It seems to me that Gibson has picked up on something in the Gospels that, even when I was an atheist, I've always thought was underplayed considering its relevance to our times, John 18:38: "'What is truth?' Pilate asked." As others have noted, in the movie, Pilate's truth is one of bureaucratic responsibility. But what it ought to highlight this single moment that is certainly among the most relevant of the entire Bible for our times is that The Passion of the Christ was created within and for viewing from our modern perch.
Sullivan (whom, if you haven't noticed, I'm using emblematically, here) catches that he is supposed to identify with Pilate, but tellingly he takes from that identification that Pilate is portrayed as a saint. He's not; he's our representation.
Everything Pilate does is an attempt to avoid his fate. He sends Jesus away; he brings up a lunatic Barabbas in an attempt to trick the crowd into letting Jesus go; and then he makes a huge, dramatic show of washing his hands of the matter. It isn't the his fault, he declares, it's the Jews'. Jesus' blood is on their head, not his, he says, reaching for the towel to...

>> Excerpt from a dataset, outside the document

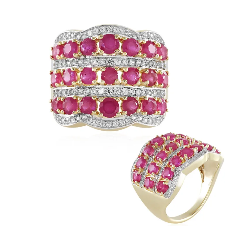 Entdecken Sie die lebendige Anziehungskraft unseres Madagaskar-Rubinrings, der in glänzendes, vergoldetes Sterlingsilber gefasst ist. Dieses auffällige Schmuckstück ist mit 2,565 ct tiefroten Rubinen besetzt, die durch das Funkeln kambodschanischer Zirkone von insgesamt 0,83 ct ergänzt werden und einen opulenten und auffälligen Kontrast bilden. Dieser Ring eignet sich perfekt, um Ihrer Abendgarderobe einen Hauch von Raffinesse zu verleihen. Die reiche Farbpalette und das komplizierte Design machen ihn zu einem Gesprächsanlass bei jeder gesellschaftlichen Veranstaltung.

The towel? A white towel? Why yes, and thus we realize that he's wrong. Here we've a double irony with which to contend. The first is that Pilate doesn't realize that the very same towel that he uses to symbolically free himself from blame symbolically links him right back to Jesus' blood because his wife gave Mary just such a towel, and Mary used it to sop up the blood left after the whipping. The second irony is that Sullivan interpreted Mrs. Pilate's towel-giving moment as an out-of-the-way gesture to excuse her husband, when it accomplished just the opposite.

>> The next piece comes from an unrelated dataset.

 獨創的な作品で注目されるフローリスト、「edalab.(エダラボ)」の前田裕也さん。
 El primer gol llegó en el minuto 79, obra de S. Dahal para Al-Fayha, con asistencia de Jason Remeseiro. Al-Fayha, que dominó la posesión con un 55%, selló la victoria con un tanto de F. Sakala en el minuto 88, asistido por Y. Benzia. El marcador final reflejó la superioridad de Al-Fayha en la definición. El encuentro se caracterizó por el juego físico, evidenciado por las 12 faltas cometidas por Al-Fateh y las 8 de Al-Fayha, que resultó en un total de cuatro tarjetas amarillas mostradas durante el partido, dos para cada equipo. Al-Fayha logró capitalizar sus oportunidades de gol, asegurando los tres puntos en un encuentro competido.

If we keep our minds on the towels, Mrs. Pilate's concern throughout makes sense dramatically to enable the Christian soiling of the Romans' fine linen. It may go a little far, but if you're of a mind, you could further consider that the reason Jesus' blood finds its way into Pilate's symbolism is the very simple, human compassion of one woman for another.
Now, keeping this in mind, rewind a bit. Sullivan says that "the Roman torturers are obviously evil," but I saw them somewhat differently. They're base; some of them are just plain nuts. They are, in fact, the sort of characters to whom one would expect a departmentalized and regimented polity to assign the monstrous work of torture. With that minor adjustment, a subtext ought to click into place when Pilate's top guy, Abenader, comes storming in and yells (approximately, emphasis added): "Your orders were to beat him, not to scourge him to death."
What Pilate and Abenader don't see, for all their concern about Caesar's displeasure and the mob over whom they govern with contempt, is that their order and their organization cannot contain the madness in their own ranks. The representatives of Rome's dark side spilt the blood, after all, that implicates Pilate. They drag Jesus through the streets attracting attention to him, making his crucifixion seem extra significant converting people along the way.
And that's why I was tempted to call an aspect of a review by Michael Coren, another Christian critic, obscene:
Indeed, the scene where a Roman soldier plunges his spear into Christ's side is, I am sorry, almost like something out of Monty Python. The soldier and those around him shower in the water and blood that cascades out of Yeshua's body.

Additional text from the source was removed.